[[ GIVEN DATA open ]]

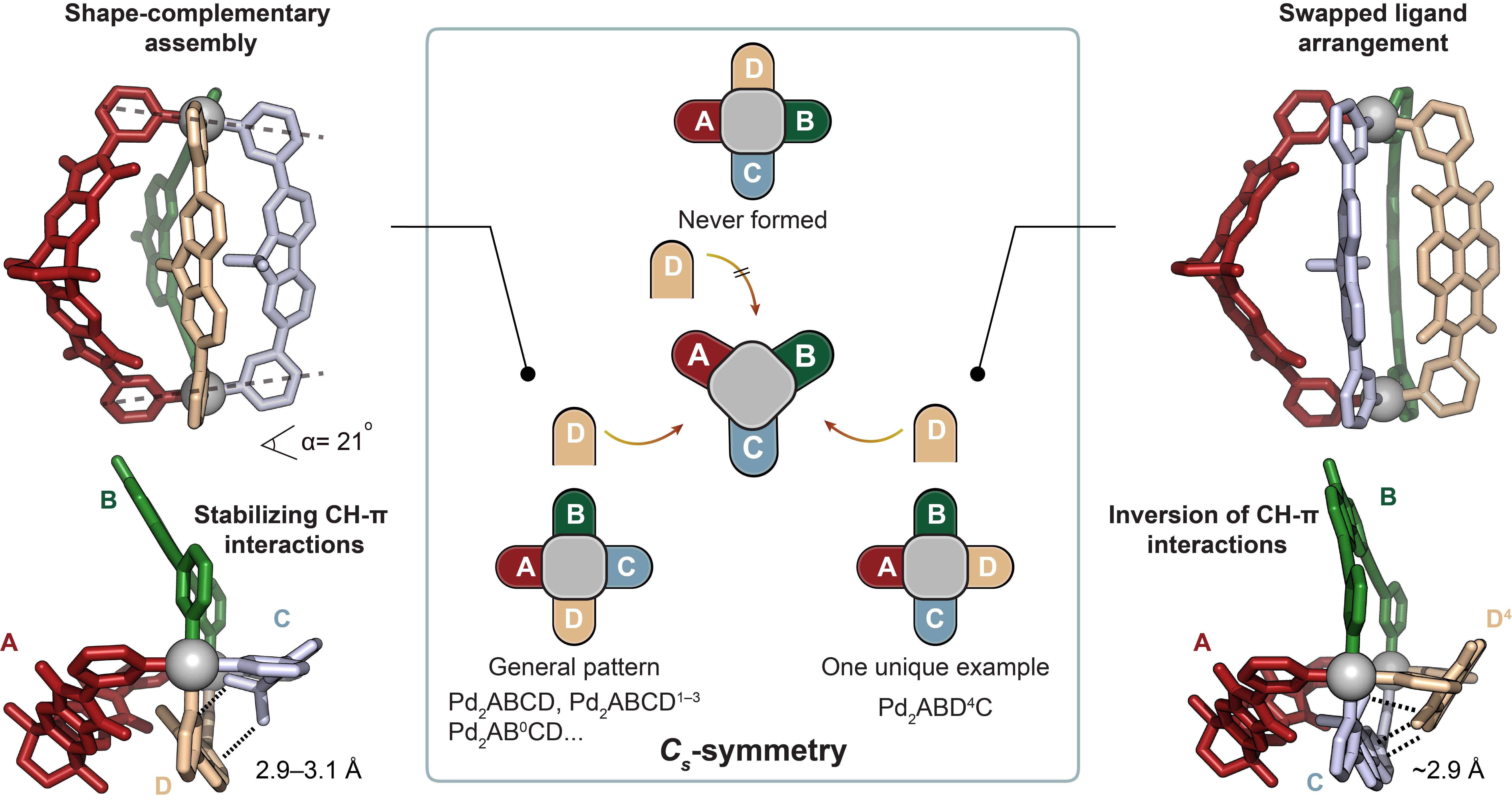 Figure 2. Possible cage isomers and comparison of crystal structures of [Pd2ABCD] and [Pd2ABD4C]. Left: side and top X-ray views of cage [Pd2ABCD]4+ (dihedral angle α between [Pd(Py)4] planes shown to indicate the presence of pronounced shape-complementarity and distances of C-H⋯π interactions between C and D assigned). All the ligand combinations with D, and D1–D3 led to the general ABCD pattern. Middle: Three configurational isomers with Cs-symmetry arranging four different ligands circularly around two metal nodes shown. Right: side and top X-ray views of [Pd2ABD4C] showing a swapped ligand arrangementand inversion of C-H⋯π interactions (C-H⋯π distance between ligands D4 and C given).
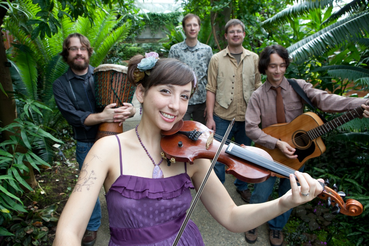 “It’s folk-rock music at the heart of it,” says Zindle, who started the band with her husband, percussionist Randall Moore, “but I’m influenced and moved by sounds from all over the world.” This interest in world music came first from her own roots. With two Irish grandmothers, the young violinist struck ancestral gold when she discovered Celtic fiddling as a teenager. At this same time the music of artists like Paul Simon, Rusted Root, and Peter Gabriel stirred up a deeper longing, bringing distant ethnic sounds into her small suburban Buffalo, New York bedroom. She began seeking out the source of these sounds and her love for travel and world music became a life-long passion.
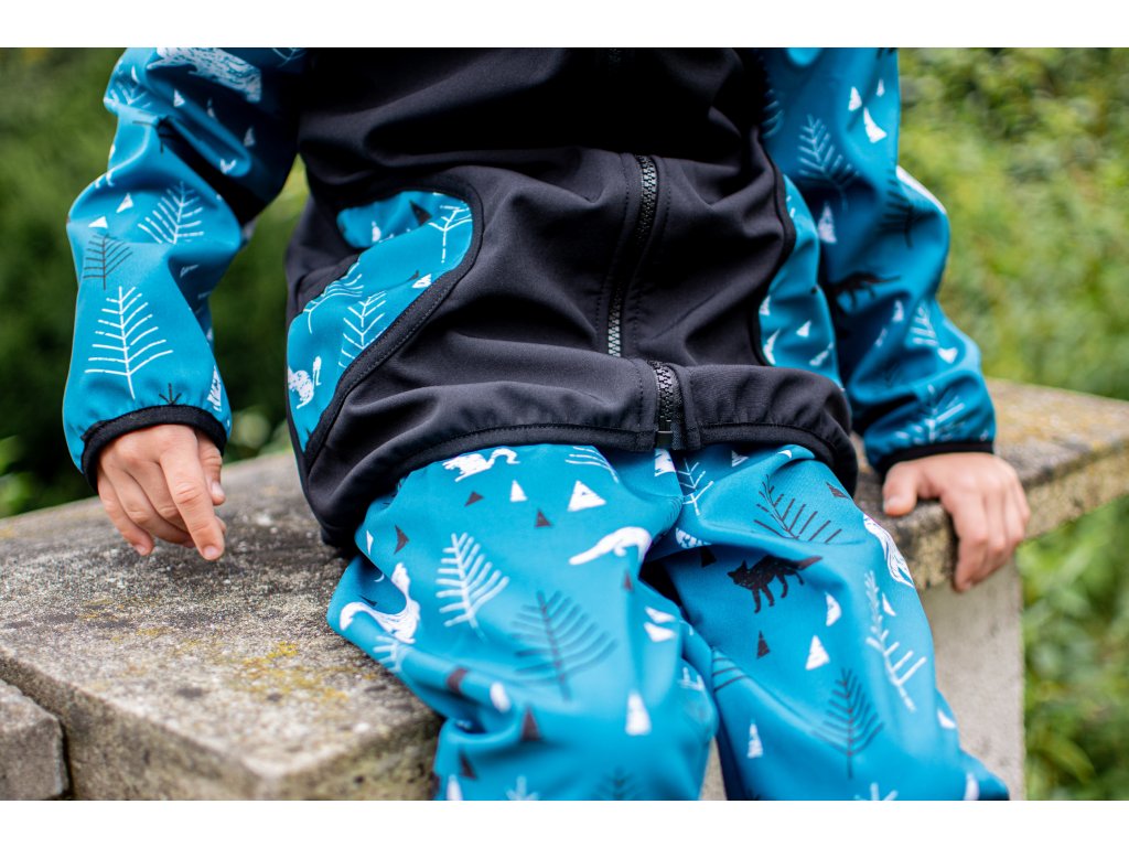 Softshellové kalhoty Yháček, jarní, Lesní zvěř na petrolejové

[[ GIVEN DATA closed ]]

**WHAT IS EXPECTED:**
Print every line of the listing exactly, please, and leave the images out.

**OUTPUT FOR THIS TASK:**
 Figure 2. Possible cage isomers and comparison of crystal structures of [Pd2ABCD] and [Pd2ABD4C]. Left: side and top X-ray views of cage [Pd2ABCD]4+ (dihedral angle α between [Pd(Py)4] planes shown to indicate the presence of pronounced shape-complementarity and distances of C-H⋯π interactions between C and D assigned). All the ligand combinations with D, and D1–D3 led to the general ABCD pattern. Middle: Three configurational isomers with Cs-symmetry arranging four different ligands circularly around two metal nodes shown. Right: side and top X-ray views of [Pd2ABD4C] showing a swapped ligand arrangementand inversion of C-H⋯π interactions (C-H⋯π distance between ligands D4 and C given).
 “It’s folk-rock music at the heart of it,” says Zindle, who started the band with her husband, percussionist Randall Moore, “but I’m influenced and moved by sounds from all over the world.” This interest in world music came first from her own roots. With two Irish grandmothers, the young violinist struck ancestral gold when she discovered Celtic fiddling as a teenager. At this same time the music of artists like Paul Simon, Rusted Root, and Peter Gabriel stirred up a deeper longing, bringing distant ethnic sounds into her small suburban Buffalo, New York bedroom. She began seeking out the source of these sounds and her love for travel and world music became a life-long passion.
 Softshellové kalhoty Yháček, jarní, Lesní zvěř na petrolejové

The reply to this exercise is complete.